Netlist Files：HDL code經過合成后轉出的.v檔，或是類比電路跑HSPICE的.sp檔
Stimulus Files：HDL寫的testbench.v經過value change dump轉成.vcd，.vcd再經過VTRAN轉成vector file (.vec)
.vec 是讓軟體用來餵給netlist當input pattern用的
Configuration File：用來設定軟體模擬時，要擷取哪些點的哪些訊息(如電壓或電流)，以儲存在.out與.log
(如果是用GUI介面，可以不需要這個檔案)
Technology file：NanoSim uses a tech. file in place of MOS models during simulation
.out File ：執行模擬后的產出檔案，供turboWave直接讀取以顯示電壓/電流波形
.fsdb File：執行模擬后的產出檔案，供turboWave直接讀取以顯示電壓/電流波形
.log File ：模擬結果的輸出，里面有耗電情況的report
由於NanoSim是Transistor-level simulator，要執行NanoSim有幾種方式

提供類比電路的spice netlist (.sp or .spi)與MOS spice module (含電壓/溫度規格) -- 類比模擬
提供數位電路的gate-level netlist (.v)，cell-base spice simulation module (not cell-base Verilog simulation module)與MOS spice module (含電壓/溫度規格) -- 數位模擬
提供類比電路的spice netlist (.sp or .spi)與數位電路的gate-level netlist (.v)，以VCS搭配NanoSim做類比與數位的混合模擬
書寫testbench之前要了解測試單元的設計規范,要很清楚規范并且要有測試文檔（test bench 的結構和測試情況）
以一個四位計數器為例，計數器程序如下：
//-----------------------------------------------------
// Design Name : counter
// File Name : counter.v
// Function : 4 bit up counter
// Coder : Deepak
//-----------------------------------------------------
module counter (clk, reset, enable, count)；
input clk, reset, enable；
output [3:0] count；
reg [3:0] count；
always @ (posedge clk)
if (reset == 1'b1) begin
count <= 0;
end else if ( enable == 1'b1) begin
count <= count + 1；
end

endmodule
test plan 如下：本test bench是自動檢測測試，我們的 test bench 測試環境如下圖所示：
　　　　　　　　
待測試的設計(DUT)是 test bench中的一部分, 其中 test bench 有 clock generator, reset generator, enable logic generator, and compare logic, which basically calculate the expected count value of counter and compare the output of counter with calculated value.
測試的情況（根據設計說明確定，應盡量使測試完全）：

Reset Test : We can start with reset de-asserted, followed by asserting reset for few clock ticks and deasserting the reset, See if counter sets its output to zero.
Enable Test: Assert/deassert enable after reset is applied.
Random Assert/deassert of enable and reset.
Test bench設計過程：
1. 通式,test bench也是一個模塊，其中包括module名，一般是測試設計名加_tb；進行待測設計的例化；對初始端口的初始化；時鐘的設計；測試結果的輸出。
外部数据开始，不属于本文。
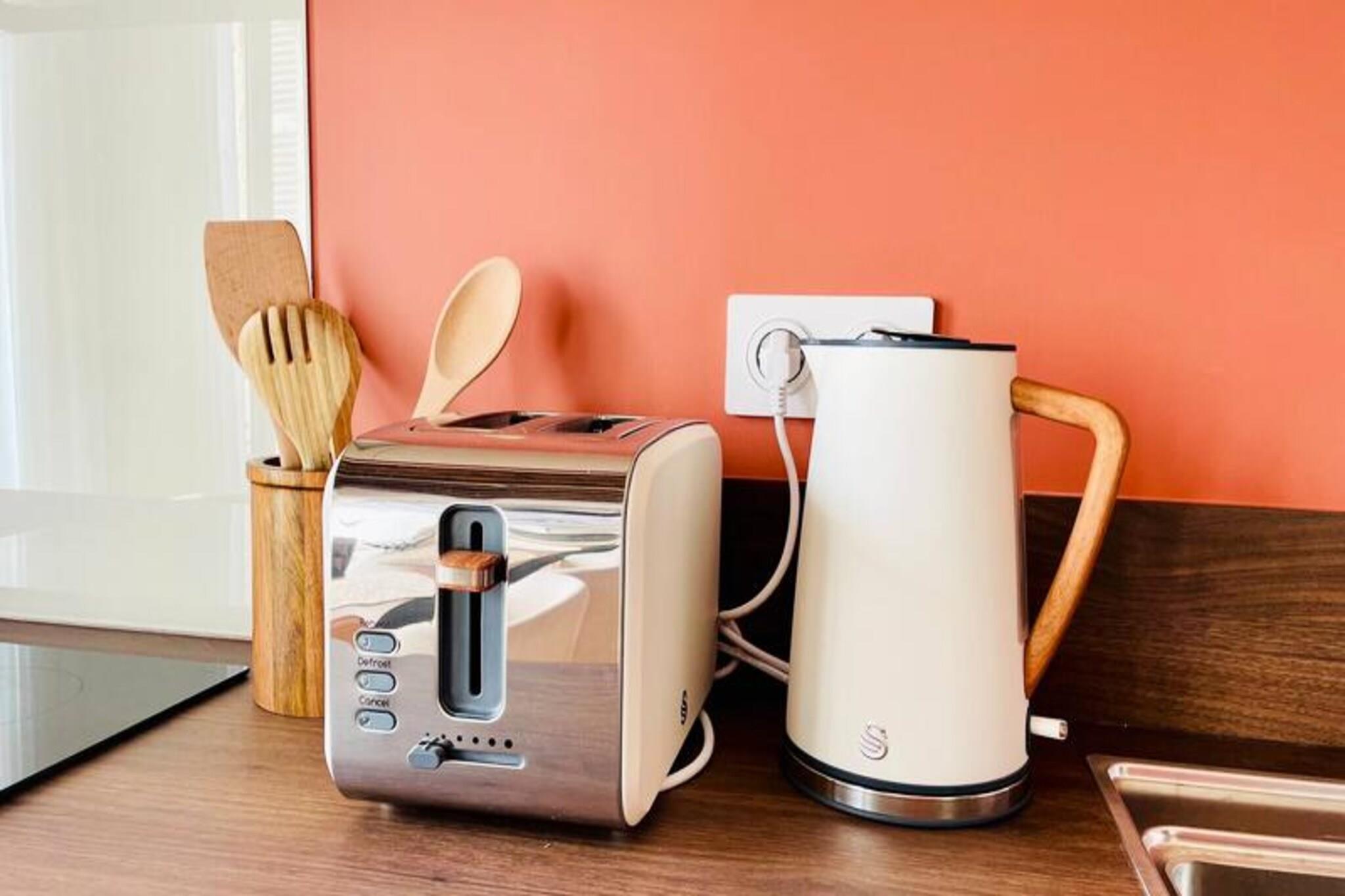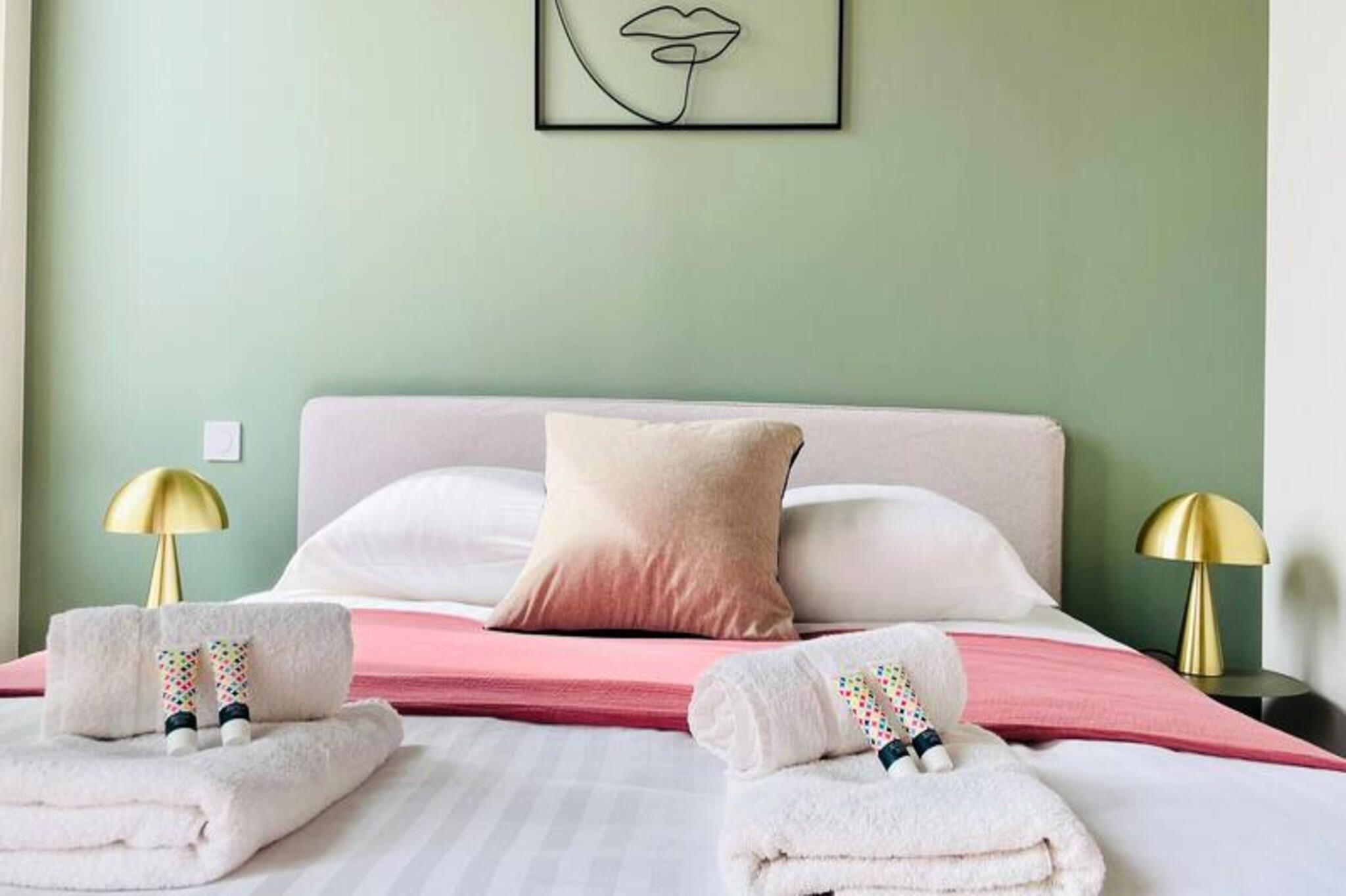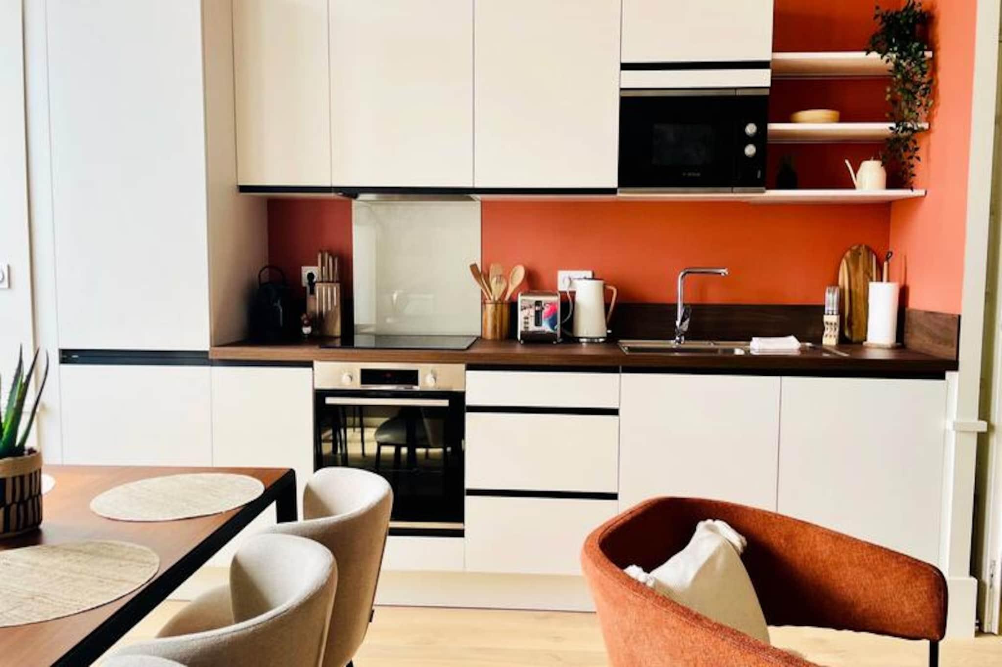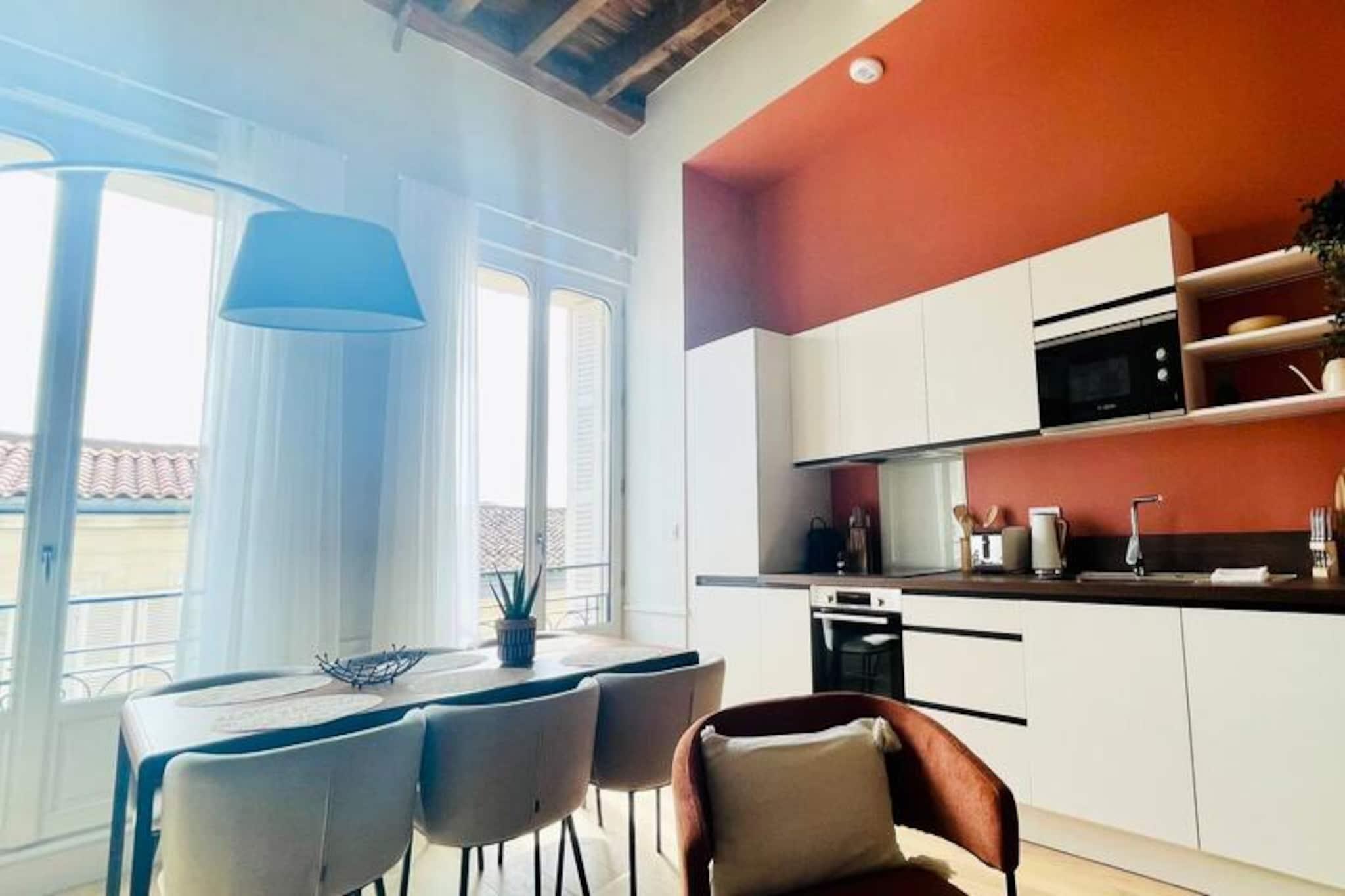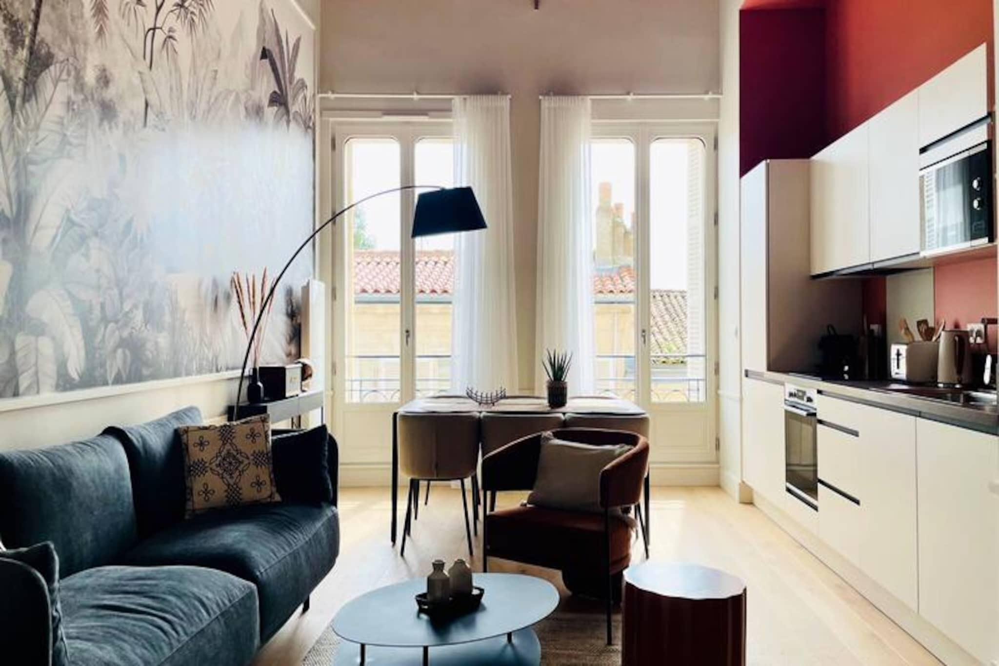 Step into the heart of La Rochelle and discover this stunning, newly renovated apartment nestled in a peaceful pedestrian street. Perfectly blending modern elegance with timeless charm, this exquisite retreat offers a serene escape just moments from the vibrant city center. Stroll to the bustling market, savor local delicacies at nearby restaurants, or explore charming boutiques, all within walking distance of your front door. The apartment’s prime location ensures you’re never far from the lively atmosphere of this historic coastal city. Inside, the apartment boasts two beautifully designed bedrooms with ample storage, a sleek bathroom, and a separate toilet. The open-plan living area is bathed in natural light, featuring a fully equipped kitchen that seamlessly flows into the dining and lounge spaces. Whether you’re preparing a gourmet meal with the oven and hob or enjoying a morning coffee from the Nespresso machine, every detail has been thoughtfully curated for your comfort. Additional amenities include a refrigerator with freezer, microwave, toaster, kettle, dishwasher, and even a washing machine, ensuring a convenient and stress-free stay. Located on the second floor of a luxury building with elevator access, this apartment is a true gem. For those arriving by car, parking is available at Place Verdun, just a short walk away. The Aloha Concierge Service is at your disposal throughout your stay, ready to assist with any questions or special requests. With linens, towels, and cleaning included, all you need to do is relax and immerse yourself in the beauty of La Rochelle. Whether you’re here for a romantic getaway, a family vacation, or a cultural escape, this apartment offers the perfect base to create unforgettable memories in one of France’s most enchanting cities.

具體如下：

1 module counter_tb;
2 reg clk, reset, enable;
3 wire [3:0] count;
4
5 counter U0 (
6 .clk (clk),
7 .reset (reset),
8 .enable (enable),
9 .count (count)
10 );
11
12 initial begin
13 clk = 0;
14 reset = 0;
15 enable = 0;
16 end
17
18 always
19 #5 clk = !clk;
20
21 initial begin
22 $dumpfile ("counter.vcd");
23 $dumpvars;
24 end
25
26 initial begin
27 $display(" time, clk, reset, enable, count");
28 $monitor("%d, %b, %b, %b, %d",$time, clk,reset,enable,count);
29 end
30
31 initial
32 #100 $finish;
33
34 //Rest of testbench code after this line
35
36 endmodule

時鐘設計的方法：
系統函數的說明：
$dumpfile is used for specifying the file that simulator will use to store the waveform, that can be used later to view using waveform viewer.
$dumpvars basically instructs the Verilog compiler to start dumping all the signals to "counter.vcd".
$display is used for printing text or variables to stdout (screen), is for inserting tab. Syntax is same as printf.
$monitor keeps track of changes to the variables that are in the list (clk, reset, enable, count). When ever anyone of them changes, it prints their value, in the respective radix specified.
$finish is used for terminating simulation after #100 time units (note, all the initial, always blocks start execution at time 0)

2. 加rest邏輯
假如rest是異步的（activate reset anytime during simulation）利用'events'實現，events can be triggered, and also monitored to see, if a event has occurred.
1 event reset_trigger;
2 event reset_done_trigger;
3
4 initial begin
5 forever begin
6 @ (reset_trigger);
7 @ (negedge clk);
8 reset = 1;
9 @ (negedge clk);
10 reset = 0;
11 -> reset_done_trigger;
12 end
13 end
code our reset logic in such a way that it waits for the trigger event "reset_trigger" to happen, when this event happens, reset logic asserts reset at negative edge of clock and de-asserts on next negative edge as shown in code below. Also after de-asserting the reset, reset logic triggers another event called "reset_done_trigger". This trigger event can then be used at some where else in test bench to sync up.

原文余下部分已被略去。